The inscription "DDPF" featured at nearly all sites, except for the prison near Toulon, where assailants left the mysterious acronym "DDFM".
- 'Fundamental rights' -
A group calling itself "DDPF" on Telegram on Wednesday published a video showing a prison guard leaving a car, then shaky footage of a letter box, zooming in on the name on it.
The video, viewed by AFP before Telegram deleted it, ends with the letters "DDPF" against the backdrop of a car burning in front of a building at night. The account, created on Saturday, has more than 1,000 followers.
In a post on Sunday, the group described itself as "a movement dedicated to denouncing violations of fundamental rights that minister Gerald Darmanin intends to breach".

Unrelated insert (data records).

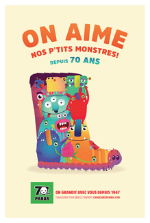 Sous la thématique On aime nos p’tits monstres !, la campagne ludique et colorée met en scène des chaussures habitées par de joyeuses créatures. Cet univers fantaisiste attirera à coup sûr les enfants tout en parlant aux parents.
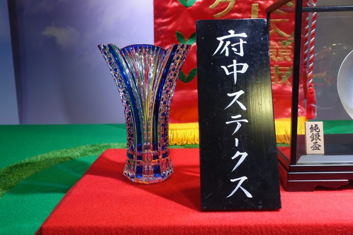 青葉賞のトロフィーです。ガラスの中に馬が浮いて見える素敵なトロフィーです。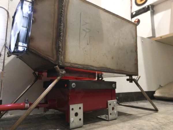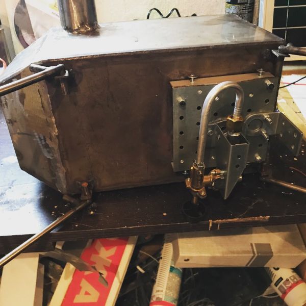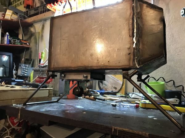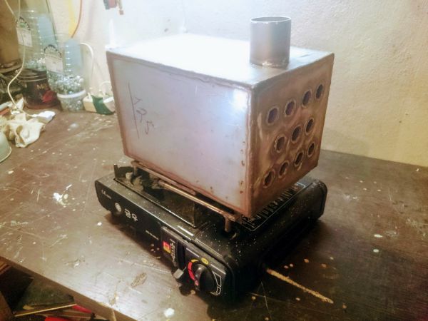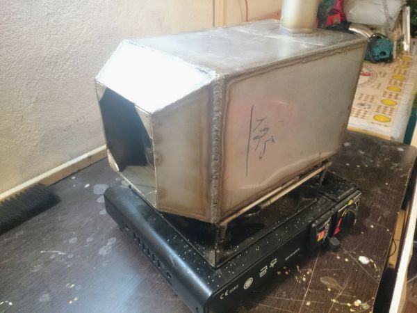 Что это такое? Это стальная коробка, с ввареными насквозь трубками. Снизу в камере сгорания отверстие для горелки, сверху - выхлопная труба. Всасывает воздух вентилятор от компа 12В.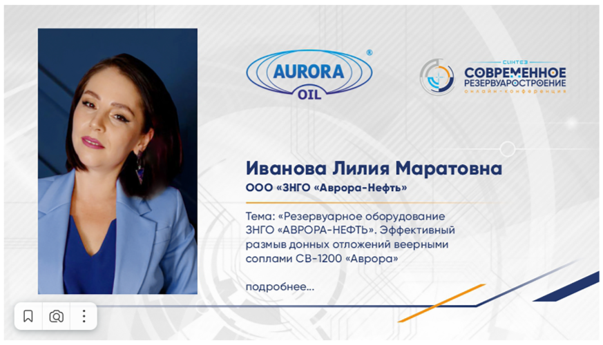 3 декабря 2025 года в рамках отраслевой онлайн-конференции «Современное резервуаростроение» представитель завода нефтегазового оборудования «АВРОРА-НЕФТЬ» Иванова Лилия выступила с докладом о запатентованной технологии борьбы с донными отложениями.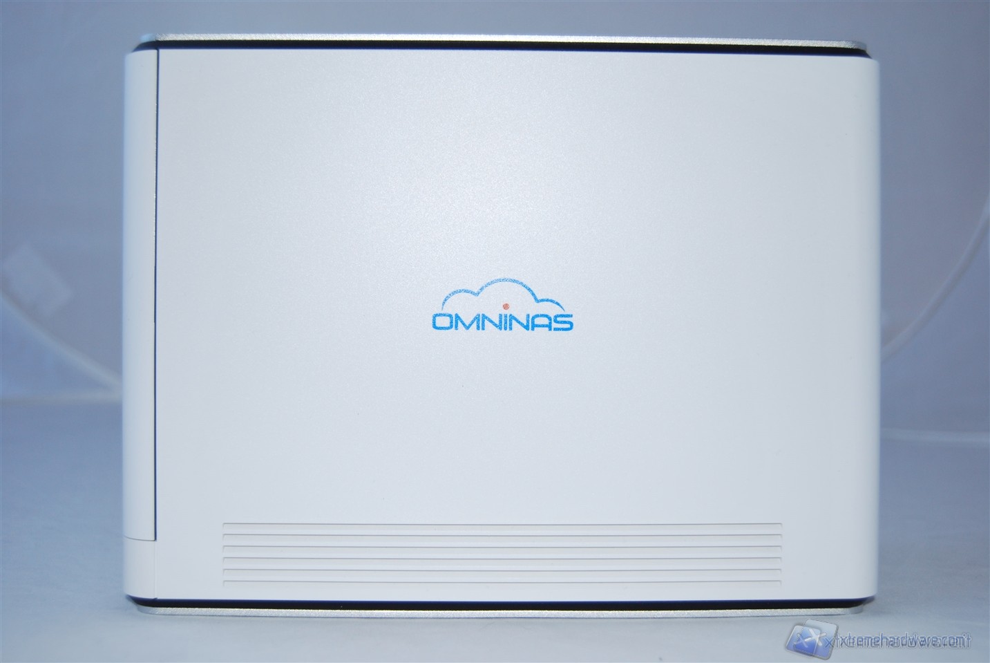 Sulla destra del nostro Shuttle OMNINAS KD20 troviamo stampato in blu il logo del prodotto mentre nella parte inferiore sono presenti delle feritoie in grado di far circolare meglio l’aria all’interno del case.

Darmanin told CNews he was seeking to crack down on "drug networks that continue to operate from prison cells".
"They order killings, launder money. They threaten police officers, judges, prison guards, and they escape," he added.
Assailants last year attacked a prison van carrying suspected drugs baron Mohamed Amra at a highway tollbooth, freeing him and killing two prison guards.
The International Prisons Observatory watchdog has criticised Darmanin's plan, saying it was based on a "security obsession" and included measures violating "human rights".